TL;DR Writing OCaml PPX rewriters is hard work. There is a complicated infrastructure that is hard to explain, there are multiple such incompatible infrastructures (maybe these are merging?) and it is hard enough that most Ocaml programmers do not write macro-extensions as a part of their projects. I believe that using Camlp5 and pa_ppx can make it easier to write macro-extensions, via:

providing a simple way of thinking about adding your extension to the parsing process.
providing transparent tools (e.g. quotations) for pattern-matching/constructing AST fragments

Explained below in [Macro Extensions with Pa_ppx](#macro-extensions-with-pa_ppx).

The original arguments against Camlp4
The original argument against using Camlp4 as a basis for macro-preprocessing in Ocaml, had several points (I can't find the original document, but from memory):
1. syntax-extension as the basis of macro-extension leads to brittle syntax: multiple syntax extensions often do not combine well.
2. a different AST type than the Ocaml AST
3. a different parsing/pretty-printing infrastructure, which must be maintained alongside of Ocaml's own parser/pretty-printer.
4. A new and complicated set of APIs are required to write syntax extensions.
To this, I'll add
1. Camlp4 was forked from Camlp5, things were changed, and hence, Camlp4 lost the contribution of its original author.
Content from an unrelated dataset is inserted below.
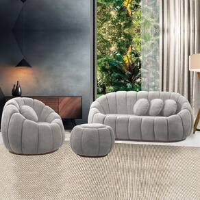 O Sofá 2 Lugares com Puff e Poltrona Giratória Cloud é um kit que combina formas artísticas, conforto e durabilidade. Ele tem um design orgânico que remete às formas encontradas na natureza como as nuvens criando um espaço acolhedor e relaxante. Além da sua simetria e curvas suaves, a namoradeira e o puff contém sapatas plásticas (Fixa), já a poltrona conta com base arco giratório, esse kit possui um revestimento em tecido Bouclê que cria uma conexão entre a peça e o ambiente. Pode ser utilizado em sala de estar, recepções, escritórios, lojas e espaços comerciais, ou qualquer outro espaço que você queira decorar com estilo e bom gosto. Ele tem uma estrutura em madeira de reflorestamento eucalipto, que garante a resistência e a sustentabilidade do produto. Ele suporta até 180 kg de peso, podendo ser utilizada por pessoas de diferentes biotipos. Inclui almofada solta com enchimento de fibra siliconada, oferecendo versatilidade para diferentes usos e necessidades. Ele tem um acabamento reforçado e espuma de qualidade D24, que oferece maciez e aconchego. Ele apresenta detalhes de costura refinados em formato arredondado resultando em um acabamento impecável conferindo muito mais valor e elegância ao produto. Ele é fácil de transportar, pois tem um peso leve e um tamanho compacto. O Sofá 2 Lugares com Puff e Poltrona Giratória Cloud é um conjunto que vai fazer a diferença na sua decoração e no seu bem-estar. Garanta já o seu!
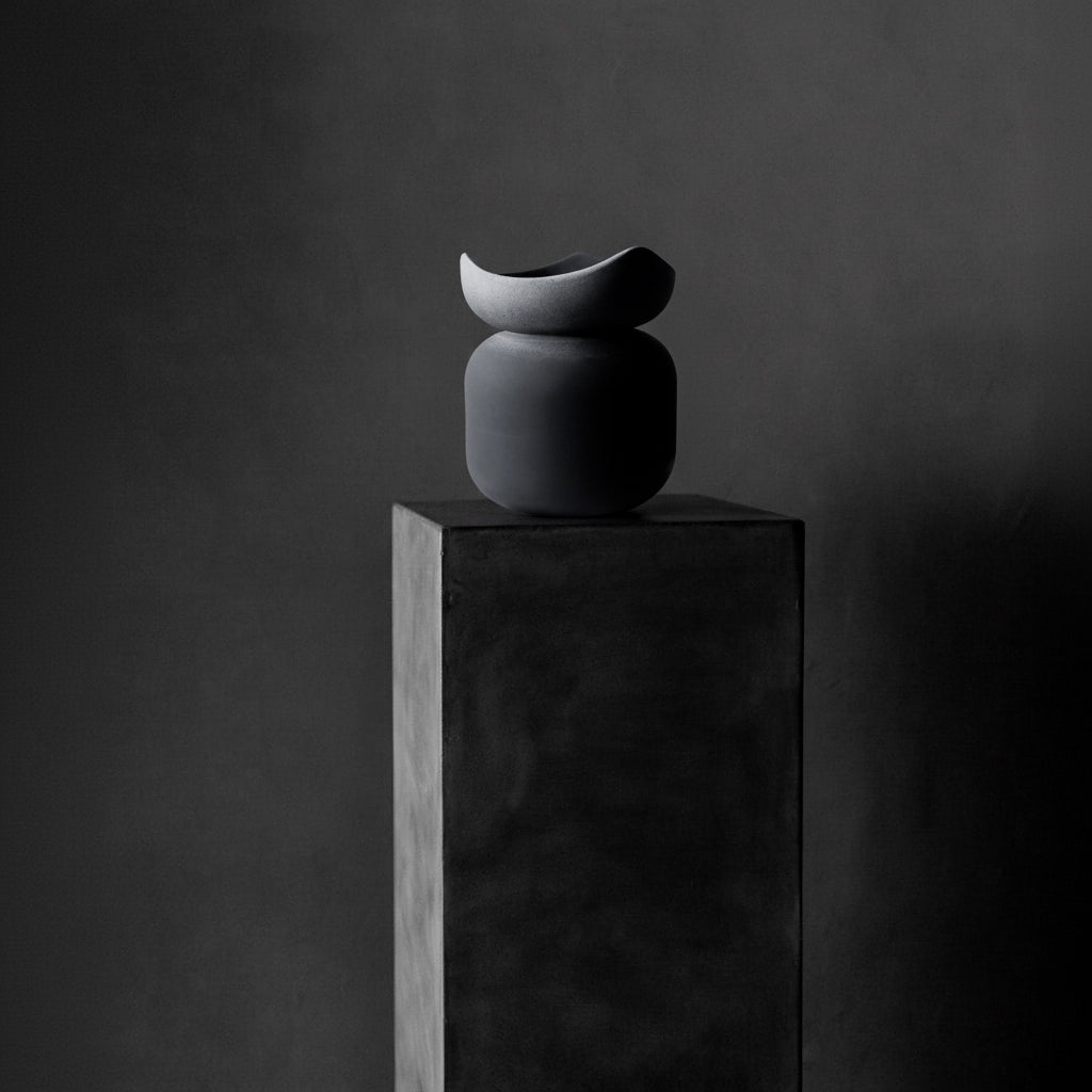 Sakin gücün bir ifadesi olan bu siyah mat vazo, dikkat çekiciliğini parlaktan değil, derinlikten alır. Dalga formundaki ağız detayı, durağan gövdeye zarif bir hareket kazandırırken ışıkla birlikte gölgelerin yumuşak dansını başlatır.

Hence, maintaining Camlp4 was always labor that fell on the Ocaml team. [Maybe this doesn't matter, but it counts for something.]
Assessing the arguments, with some hindsight
1. syntax-extension as the basis of macro-extension leads to brittle syntax: multiple syntax extensions often do not combine well.
  
  In retrospect, this is quite valid: even if one prefers and enjoys LL(1) grammars and parsing, when multiple authors write grammar-extensions which are only combined by third-party projects, the conditions are perfect for chaos, and of a sort that project-authors simply shouldn't have to sort out. And this chaos is of a different form, than merely having two PPX rewriters use the same attribute/extension-names (which is, arguably, easily detectable with some straightforward predeclaration).
2. Camlp4/5 has a different AST type than the Ocaml AST
  
  Over time, the PPX authors themselves have slowly started to conclude that the current reliance on the Ocaml AST is fraught with problems. The "Future of PPX" discussion thread talks about using something like s-expressions, and more generally about a more-flexible AST type.
3. a different parsing/pretty-printing infrastructure, which must be maintained alongside of Ocaml's own parser/pretty-printer.
  
  A different AST type necessarily means a different parser/pretty-printer. Of course, one could modify Ocaml's YACC parser to produce Camlp5 ASTs, but this is a minor point.
4. A new and complicated set of APIs are required to write syntax extensions.
  
  With time, it's clear that PPX has produced the same thing.
5. Maintaining Camlp4 was always labor that fell on the Ocaml team.
  
  The same argument (that each change to the Ocaml AST requires work to update Camlp5) can be made for PPX (specifically, this is the raison d'etre of ocaml-migrate-parsetree). Amusingly, one could imagine using ocaml-migrate-parsetree as the basis for making Camlp5 OCaml-version-independent, too. That is, the "backend" of Camlp5 could use ocaml-migrate-parsetree to produce ASTs for a version of OCaml different from the one on which it was compiled.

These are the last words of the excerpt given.